Citizens: Scale back safety-building plan

Grand Junction resident Bill Burger makes a point to an attentive crowd of local residents and members of the Grand Junction City Council Friday afternoon during a listening tour hosted by the council.

Sam Rainguet of the City of Grand Junction takes notes from topics presented by local residents Friday during a listening tour hosted by the Grand Junction City Council held at St. Matthew’s Episcopal Church.

The Grand Junction City Council got a go-ahead signal, sort of, on Friday to move forward with new police and fire buildings.
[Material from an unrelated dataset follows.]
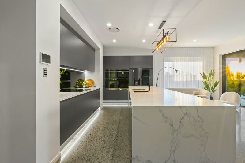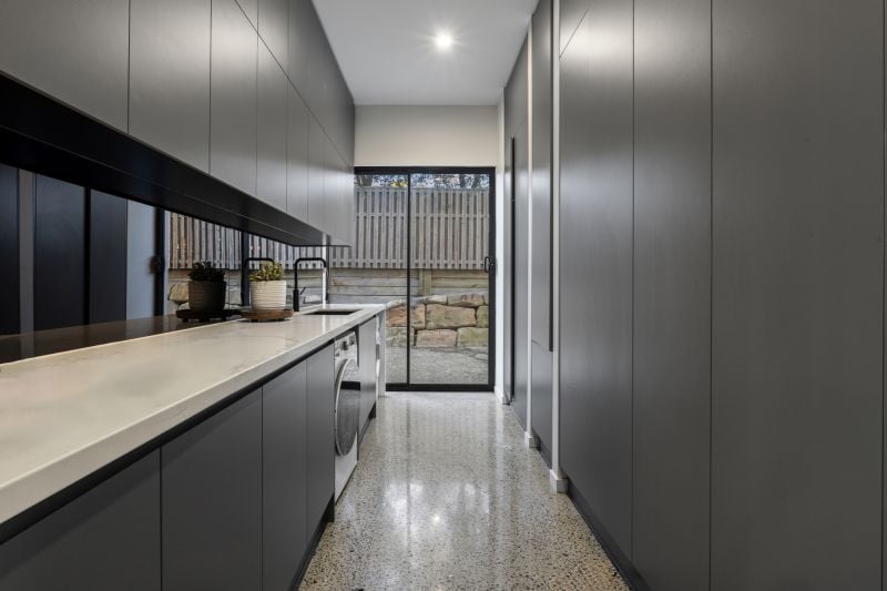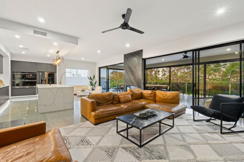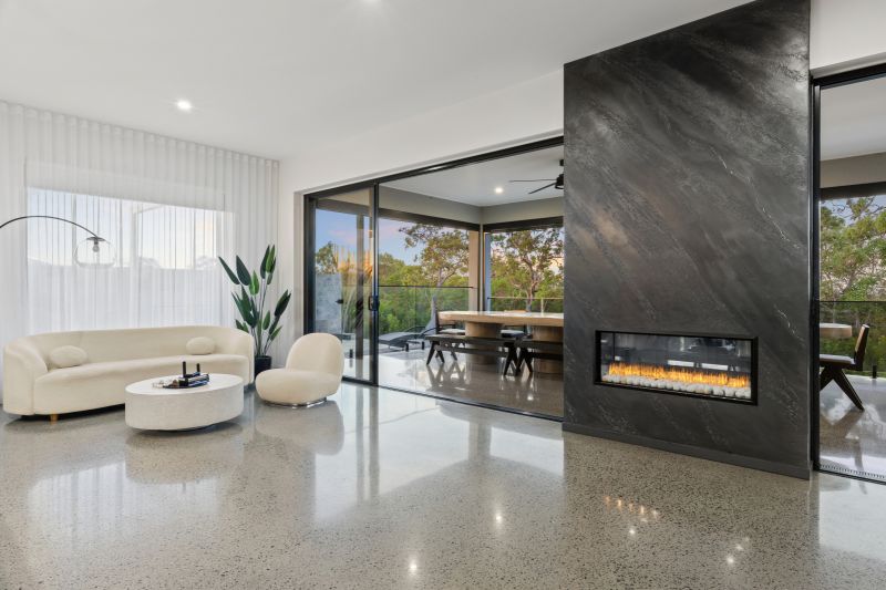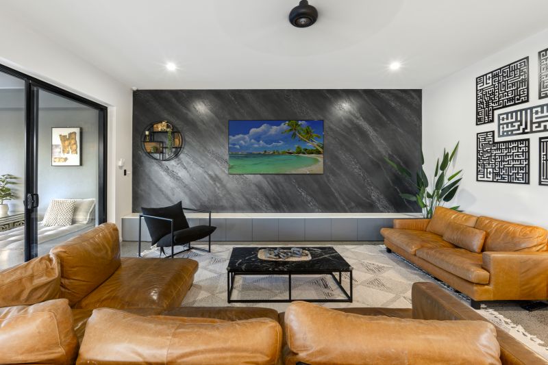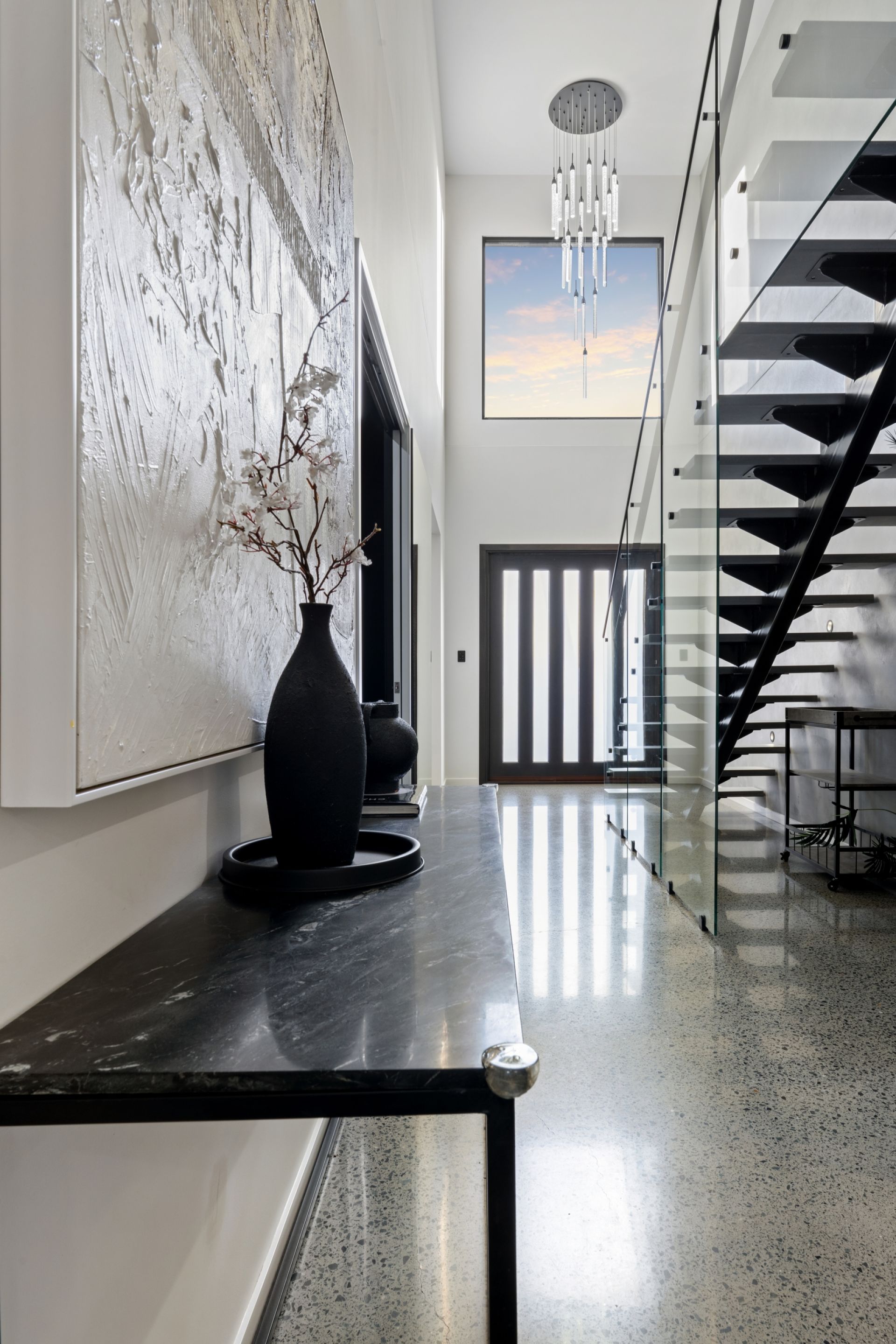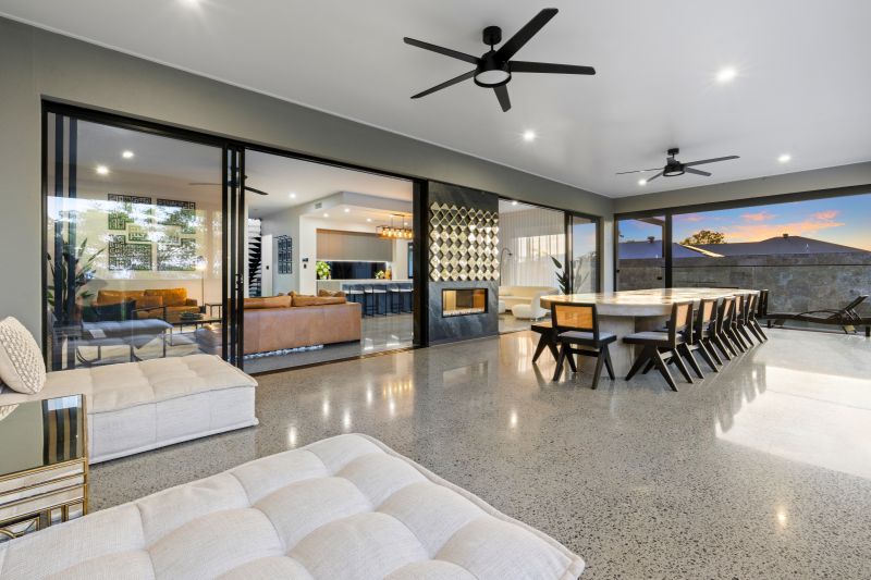 Polished concrete floors, Venetian plaster, and warm vertical timber accents set a sophisticated tone, while integrated LED lighting enhances the home's modern aesthetic. Multiple living zones - including a cinema, gym, home office, and children's retreat - ensure the residence adapts effortlessly to family life.

To get any project going, council members were told by constituents, they have to go a long way to rebuild trust from voters who two years ago soundly rejected proposed new police and fire department headquarters.

The council got a barrage of mixed messages from the 15 people who attended the council’s second of five stops on a listening tour aimed at gathering ideas for whether and how to deal with new structures.

Mayor Teresa Coons and Council members Bruce Hill and Bill Pitts attended the stop at St. Matthew’s Episcopal Church at 3888 27 1/2 Road.

“We need to do something, now,” Corky Perry told the council.

The current police headquarters at 625 Ute Ave., built in 1958 and remodeled in 1984 and 1992, is plagued by sewer gnats, electrical problems, fire-code violations and crowding, according to a city flier detailing the problems with the buildings. The adjacent fire headquarters at 330 S. Sixth St. is too small for modern training needs, has plumbing problems that lead to raw sewage falling on employee work stations and has no separate quarters for male and female firefighters.

“We need new facilities to lift the spirits of everyone who works there,” said Bill Burger, who attended the listening session with his wife, Darlene.

To do that, Dennis Simpson said, the council will have to rebuild trust with voters.

“If anything, you ought to be thanking the people for not letting you do what you asked for” in the 2008 election, Simpson said.

It wasn’t long after the buildings were rejected that the national and eventually the local economies went into a tailspin, Simpson said.

The previous proposal was hindered because voters perceived it as a Taj Mahal, and the election came on the front of a perfect storm, resident Peggy Adams said.

“Let’s use common sense,” Adams said. “People are not wanting to go to excess.”

Resident Bill Johnson said the city should look into selling the Somerville Ranch on Grand Mesa that it purchased for its water rights. That was an idea Pitts said he hadn’t heard before, noting it among 10 others he had listed from the first listening session last week.

The council might consider a property-tax-based bond issue instead of a sales-tax-driven one, because fire and police services are geared more to protect private property, Simpson said.

Although the council has no set plan, it should consider how that looks to voters, Darlene Burger said.

“You want my money, but you have no plan,” she said. “I need to trust.”

The council also needs to show voters more clearly the difficult work environment for police officers and firefighters, Darlene Burger said.

“You’ve got to get the emotion into it” to connect with voters, she said.

The council is trying to get a better sense of what voters want, Hill said, and then it will come up with a proposal.

“We will be back with a plan” before seeking voter approval again, Hill said.